The worker advisor submitted that this was a significant change to the work area and the way the work had to be performed, and that given the worker’s tall stature, this accounted for her specific left-sided low back injury. The worker described how she would be crouching down because of the lowered table top, bending her back awkwardly, lifting bags which would be very heavy over the stopper, analyzing the image of the bags and searching them, all while she was hunched over.
It was submitted that the medical evidence and the worker's testimony supported that her paraspinal muscular injury was medically accounted for with respect to her work duties. The August 10, 2016 report from her family physician confirmed that the worker's left-sided low back symptoms were related to the changed configuration of the bag search area and the significant bending and lifting at work. The physician provided a diagnosis of a left lumbar paraspinal muscular injury, and removed her from her employment due to her injury as of August 10.
It was submitted that the relationship between the worker's employment duties and her lower back injury were supported by statements from co-workers. Those statements confirmed that the table was too low, being just above knee level, and was very hard on the back. They confirmed the added element of lifting and reaching across to the other lane to grab the bins, and that other people had also complained about the changed height of the bag search table and experiencing back pain working in this area.
The worker advisor noted that the WCB historically looks for a change in work duties and whether there is a specific work action which is responsible for a workplace injury. It was submitted that in this case there were both, being the change to the work area which then required the reaching and lifting actions with each bag search.
It was submitted that continuing to work in that environment from March through August 2016 caused repetitive strain injuries and accounted for the worker eventually having to be off work. The worker advisor submitted that there did not have to be a specific accident on which to accept a claim. The diagnosis of a paraspinal muscular injury was a repetitive type of injury related to the employment, which satisfied the definition of an accident under subsection 1(1)(b)(ii) of the Act, and the worker's claim should therefore be accepted.
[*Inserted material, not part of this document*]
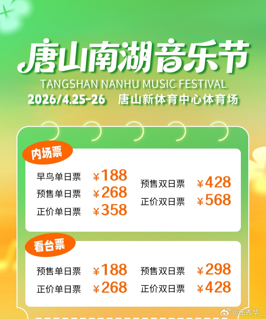赫兹乐队、陈雅森、辉子、雪碧、卢润泽、TANA……每一个名字都值得期待。3月25日开票,2026京津冀第一场音乐节,两天的门票我都要抢到!唐山南湖音乐节

The employer was represented by legal counsel and by its general manager. Legal counsel made an oral submission at the hearing and the employer's general manager responded to questions from legal counsel and the panel.
The employer's position was that the evidence did not support that the worker's difficulties arose out of and in the course of her employment, and her claim should not be accepted.
Legal counsel submitted that the worker's duties were not repetitive. The worker did not have to search bags and bend over all day. Her timesheets showed that in May 2016 she worked an average of 1.9 hours per day in the area in question, and rotated between five different positions in that area. In the bag search position itself, she was not searching all bags, but only those which were singled out by another worker. Starting in May 2016, her hours also decreased to 24 to 30 hours per week, as opposed to 40 hours per week.
In response to questions from legal counsel, the employer's general manager stated that the workers rotated between all five positions in the area in question, although there was only one position where the operator was mandated to rotate every 30 minutes. The general manager stated that the timesheets would only indicate the area or department where the worker was deployed during the workday, and not the position she was working in when she was there.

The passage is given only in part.